Saudi International Petrochemical Company (Sipchem) recently announced the development of a plastics production complex in Jubail, which should ensure the company and the country remain at the forefront of the industry.
Sipchem chairman, Abdulaziz al-Zamil, said that the entire project would cost in excess of $7 billion and encompass 20 international standard individual plants. The planned fully integrated olefins and derivatives plant will have the capability of producing 1.3 million metric tons per annum (mtpa) of ethylene and propylene. In turn, these will be used to manufacture 800,000 mtpa of various polymers. The total production of the complex will amount to three million mtpa in 18 different product categories and should secure Sipchem’s regional primacy in the sector.
Due to begin initial operations in 2011, al-Zamil explained that the plans are in line with the company’s expansion plans and broader vision of further developing the kingdom’s industrial base, particularly in terms of adding value to its rich natural resources. Al-Zamil estimates that the complex will create some 3,500 jobs.
Shifting focus
The development of downstream, value added, industry is a cornerstone of the government’s efforts to diversify the economy away from hydrocarbon reliance. The new complex in Jubail will provide the raw material base for many other products, particularly various types of plastics. At present, the kingdom accounts for roughly 1% of plastic production in the global market and expects to increase its share to at least 15% by 2020.

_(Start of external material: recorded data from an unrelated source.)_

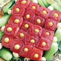 帶子上朝是中國菜系魯菜菜系中很有特色的菜式之一,以花生 為主要材料。其寓意是孔府輩輩做官,代代上朝,水為官府門第,世襲爵位不斷。此菜是用一只鴨子帶一只鴿子,一大一小放盤中,別具風(fēng)味,是宴席大件菜。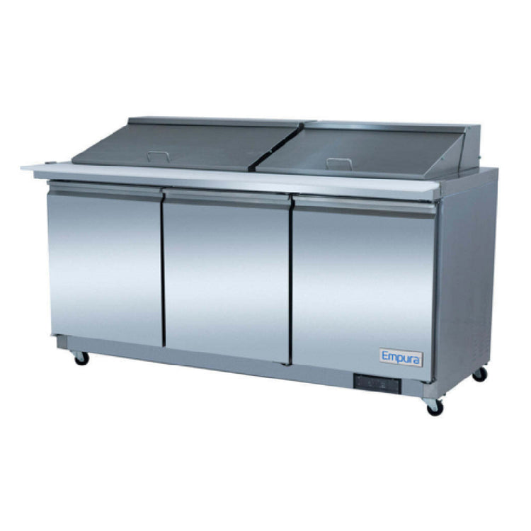 Empura, E-KSP72M, Refrigerated Sandwich/Salad Mega Top Prep Table, 71.7"W x 34.5"D x 43.2"H, 15.6 cu. ft. capacity, (3) swing doors, (3) shelves, 27 pan capacity, 2.5" caster, painted stainless steel and aluminum framework, 33F to 41F temperature range, 1/3 HP back reciprocating compressor, 1,365 BTU (LBP), R290 CFC-free refrigerant, foam insulation, electronic thermostat, digital LED temperature display, removable magnetic door gasket, electronic thermostat, 4.3 amps, NEMA-5-15P power cord, 115v/60Hz/1ph, ETL, ETL Sanitation, Tested and conforms to NSF-7 Standards, Empura Refrigeration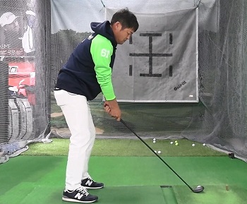 UFOスピードを試打した横田は「非常に良いものができ上がった。開発者の魂がこもった素晴らしい仕上がりです」と感心した。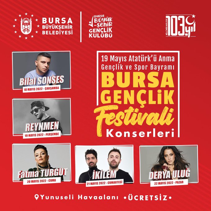 19 Mayıs için hazırlıkların sürdüren Büyükşehir Belediyesi’nin 18 Mayıs’ta Bilal Sonses, 19 Mayıs’ta Reynmen, 20 Mayıs’ta Fatma Turgut, 21 Mayıs’ta İkilem ve 22 Mayıs’ta Derya Uluğ konserleri ile gençlere sürprize hazırlanıyor.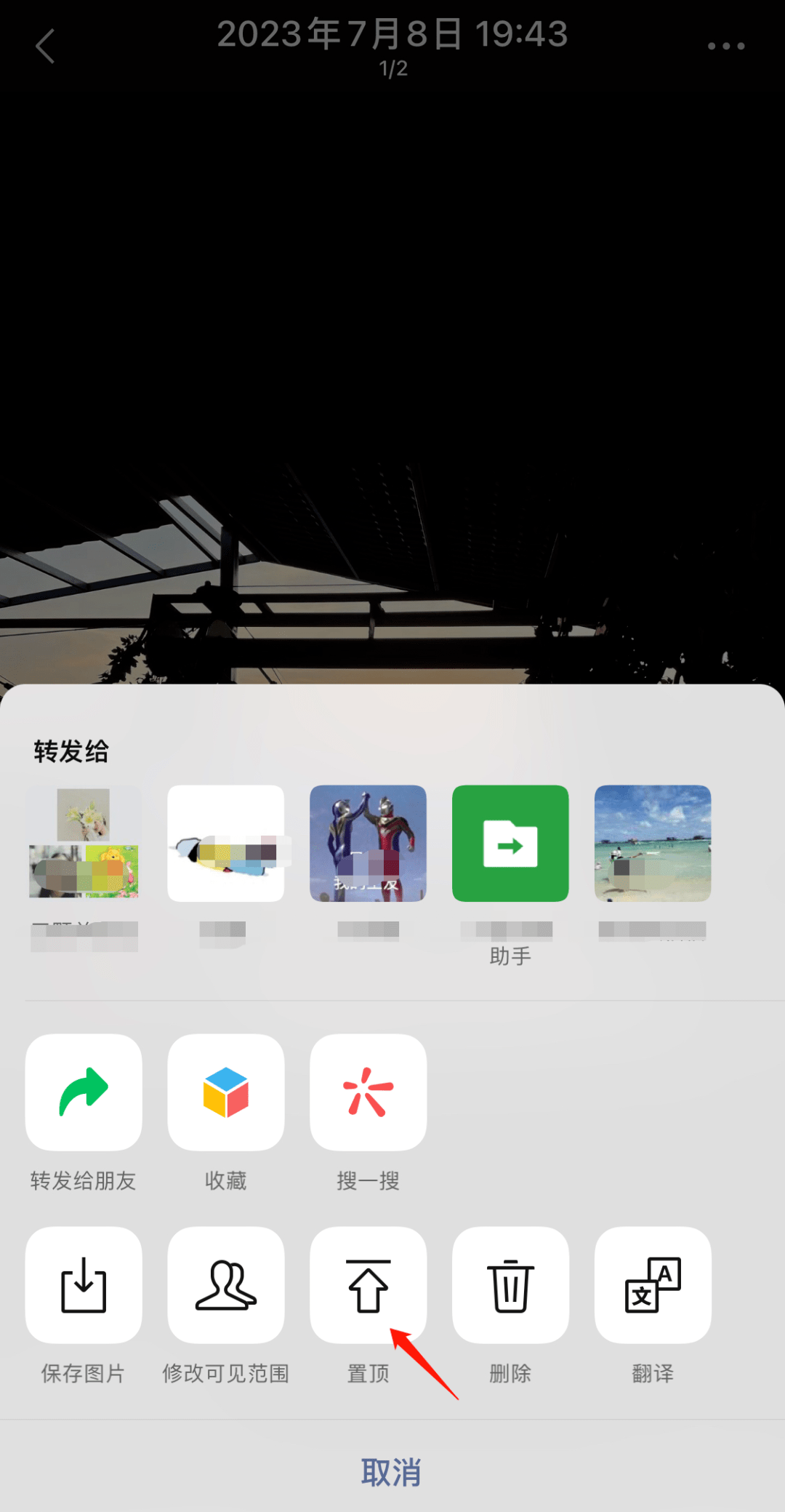 如图所示,用户选中一条需要置顶的朋友圈,然后点击右上角的“...”,此时在“修改可见范围”右方就会出现“置顶”选项。
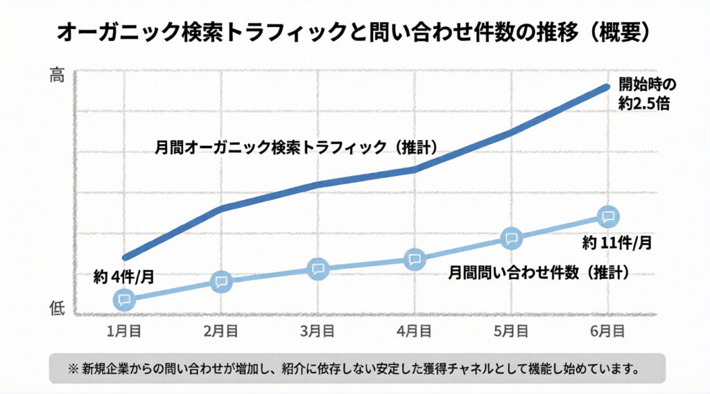 施策開始から半年後には、自然検索流入が約2.5倍に増加しました。これまで接点のなかった新規企業からの問い合わせが増え、月4件程度だった相談件数は11件まで伸長しています。紹介に依存しない集客チャネルとして、SEOが機能し始めました。

Sipchem was established in late 1999 and has grown rapidly. Phase-I saw the development of two world scale methanol and butanediol plants that are currently producing at their maximum capacity. Butanediol is widely used in the manufacture of plastics, vinyl fabric coating, floor polishing, pesticides and packaging. Phase-II consists of the development and construction of acetic acid, vinyl acetate monomer, and carbon monoxide plants. It is estimated that these will begin full-scale operations in late 2008 with a total capacity of 1.15 million mtpa. Acetic acid and related chemicals are used in the manufacture of soft drinks bottles, photographic films, glue and textiles.
Last week, at an energy conference in Dammam, the executive president of Sipchem, Ahmad al-Ohali, told the press that in order to raise the necessary capital for Phase-III – the olefins complex – the company plans to create a joint stock company. Sipchem will invest $6.67 billion in the complex and intends to list half the capital on the Tadawul All Share Index (TASI). He explained that 70% of the cost would be raised by debt and 30% through equity. He conceded, though, that “the cost will probably be higher at the time we set our final estimate.”

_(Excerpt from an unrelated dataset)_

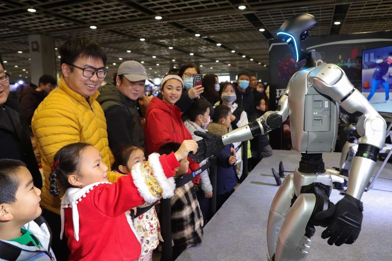 A girl shakes hands with a humanoid robot at the Nanjing International Expo Center in Nanjing, east China's Jiangsu province, Feb. 15, 2025. (People's Daily Online/Li Wenbao)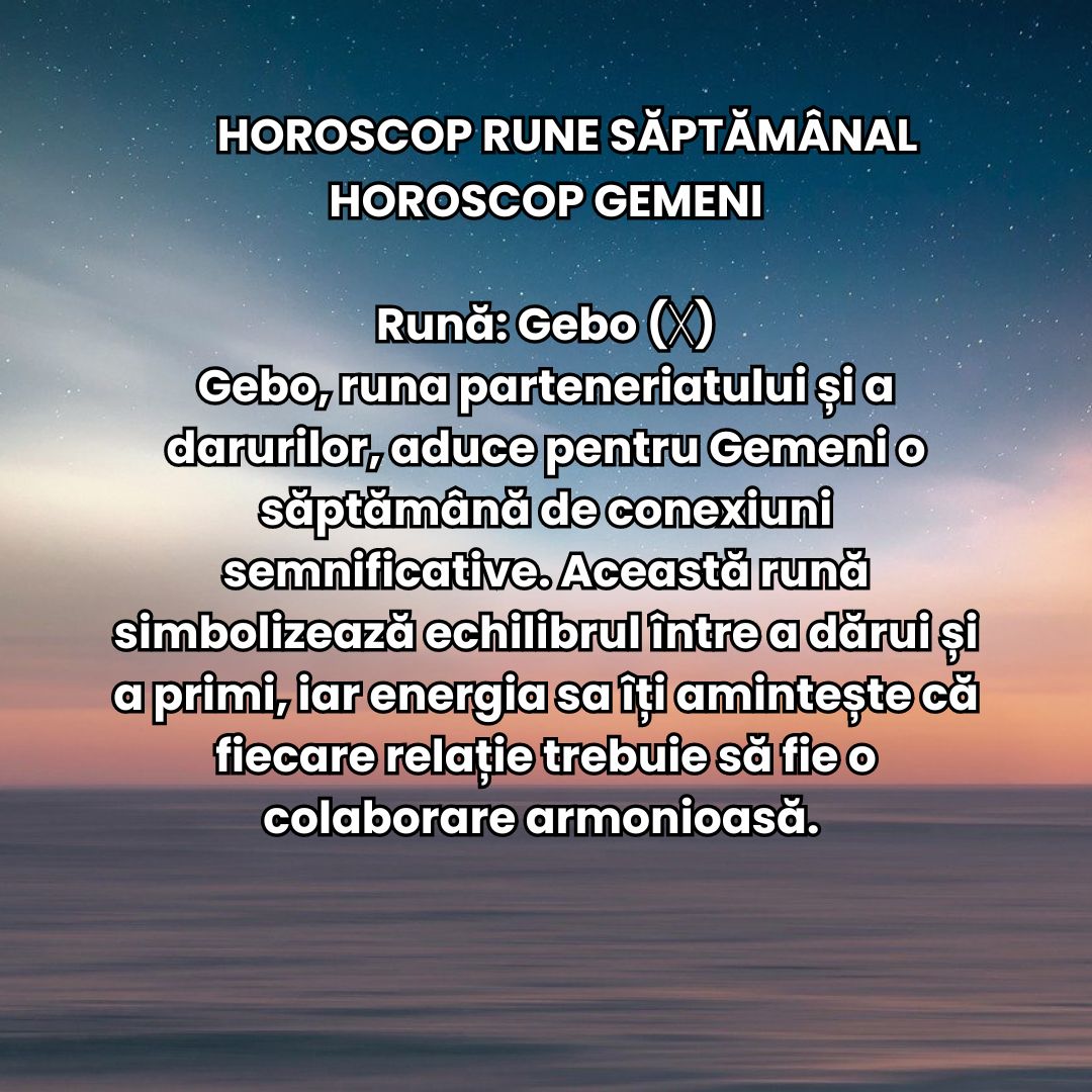 Gebo, runa parteneriatului și a darurilor, aduce pentru Gemeni o săptămână de conexiuni semnificative. Această rună simbolizează echilibrul între a dărui și a primi, iar energia sa îți amintește că fiecare relație trebuie să fie o colaborare armonioasă. În această perioadă, vei simți nevoia de a aprofunda legăturile cu cei din jur, fie că este vorba de parteneriate personale sau profesionale. Gebo îți arată că puterea adevărată vine din uniune și din împărtășirea resurselor emoționale sau spirituale. Fii deschisă să primești darurile pe care Universul le are pregătite pentru tine, fie ele vizibile sau subtile.

Al-Ohali said that 50% of the capital would form a new company to own the complex and is likely to be created in the second half of 2007. Sipchem will retain the other half. HSBC has been appointed as financial advisor. The olefins complex will increase Sipchem’s output to five million mtpa, al-Ohali said, adding that revenues could exceed $5.7 billion per annum.
Sipchem announced that it had awarded US firm Worley Parsons the project management contract. The Houston based company will be responsible for the front-end and detailed engineering and will manage the project from their offices in the US and Al-Khobar. In a project of this scale it is likely that there will be ample opportunity for other firms to win contracts.

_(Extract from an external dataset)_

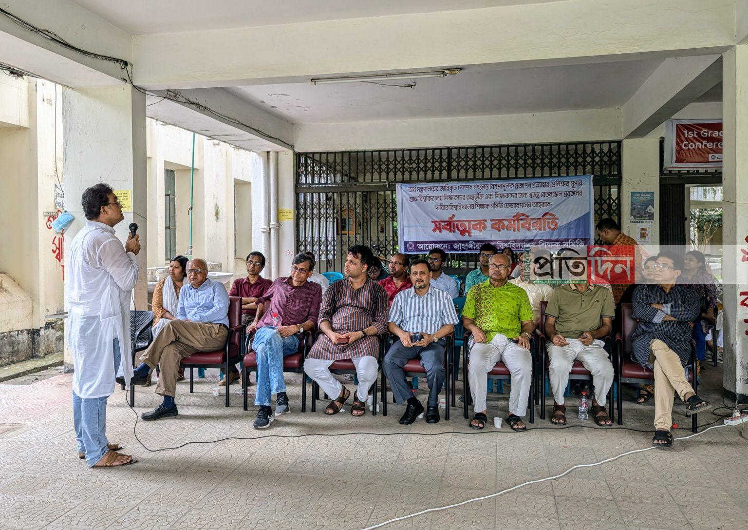 সাভার (ঢাকা) প্রতিনিধি || অর্থ মন্ত্রণালয়ের জারিকৃত পেনশন সংক্রান্ত বৈষম্যমূলক প্রজ্ঞাপন প্রত্যাহার, প্রতিশ্রুত সুপার গ্রেডে বিশ্ববিদ্যালয় শিক্ষকদের অন্তর্ভুক্তি এবং শিক্ষকদের জন্য স্বতন্ত্র বেতন স্কেল প্রবর্তনের দাবিতে বিশ্ববিদ্যালয় শিক্ষক সমিতি ফেডারেশনের আহব্বানে সর্বাত্মক কর্মবিরতি পালন করছে জাহাঙ্গীরনগর বিশ্ববিদ্যালয় শিক্ষক সমিতি।

Worley Parsons estimate the total value of their ‘In Kingdom’ and ‘Out of Kingdom’ contracts to be in the region of $250 million.
While the announcement of the main Phase-III is significant both in terms of the size of the project and the potential impact it could have on broader downstream industry, 2006 saw other major developments for the company. April saw the announcement of the Phase II projects – the acetic acid and vinyl acetate plants, with an investment to the tune of $1.1 billion. However, the most high profile event was the initial public offering (IPO), which took place in September.
Sipchem floated 30% of its capital issuing 45 million shares to the public. Despite the turbulent market conditions, which have seen the TASI drop about 50% from the beginning of the year, the $660 million IPO was oversubscribed by 70%. However, when the stock began trading on November 11, the price per share fell below the IPO price value of $14.7. This shocked local analysts, as it was the first time this had happened to a debuted company and said more about the market than Sipchem itself, which recently posted record third quarter growth of $84.8 million.